For the issues in question, this method makes it possible to find the probability distributions sought, with using a model predetermined as a function y = f(x), representing the phenomenon under analysis. The components of vector x: xj, j = 1, …, m are assumed to be random variables with known characteristics (determined theoretically or empirically).
The random variables yi, i = 1, …, n are determined by multiple numerical calculations made according to the predetermined relation y = f(x) for computer-generated pseudorandom numbers xj in accordance with appropriate distributions of the specific quantities. This method may also be employed when simulation models are used. With this objective in view, multiple simulations are carried out for randomly generated values of individual model parameters. The possible range of solutions yi is obtained on the grounds of pseudorandom statistical distributions of variables yi, generated as described above. The uncertainty measures are the measures of dispersion of the statistical pseudo-distributions of yi, thus obtained.

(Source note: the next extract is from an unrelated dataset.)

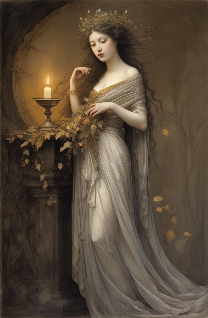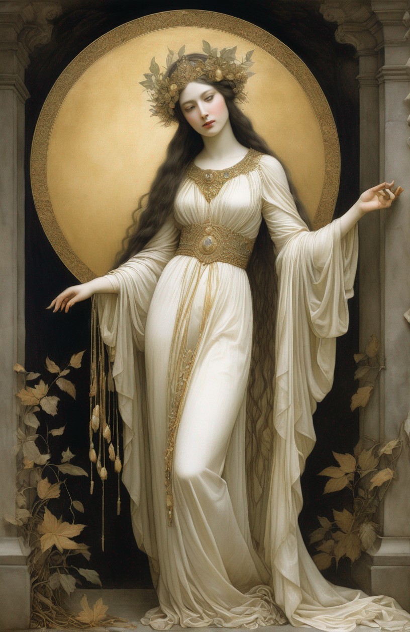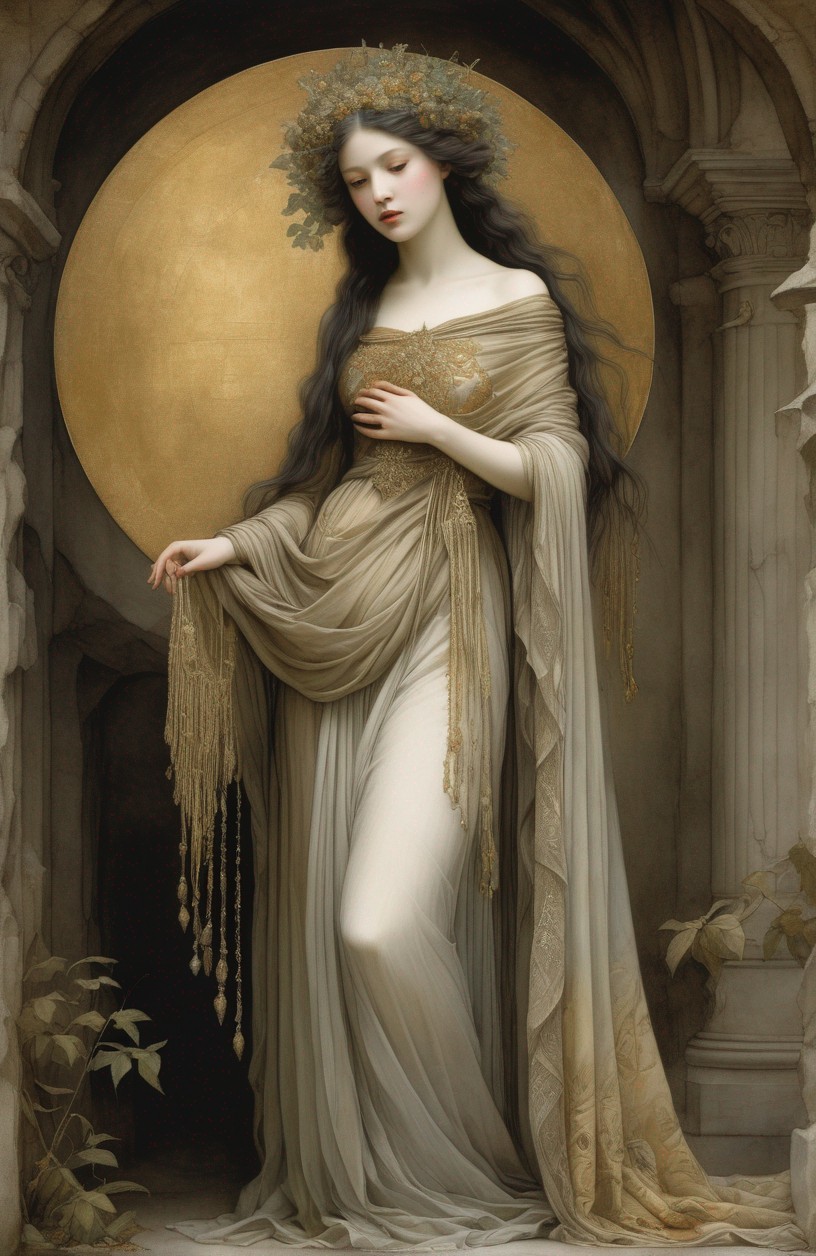 + Prompt:Chrysopeleia is a hamadryad nymph and wife of the king of Arkadia, and it means 'golden dove Dryad priestess in flowing shawls, colored ink drawing, watercolor artwork on old withered paper, vintage, by Caravaggio, by Nicoletta Ceccoli, by Kay Nielsen

This method makes it possible to avoid the difficulties mentioned in sub-items 3.2.5 and 3.2.6. A considerable impact on the correctness of the results obtained is exerted by the quality of the pseudorandom-number generators (measured by the finite quantity of numbers in the generator cycle). Noteworthy is also the fact that, in a degenerated form i.e. in calculations carried out only for the extreme values of xj distributions and at an assumption of monotonicity of yi= f(xj), this method is equivalent to the extreme values method (EVM).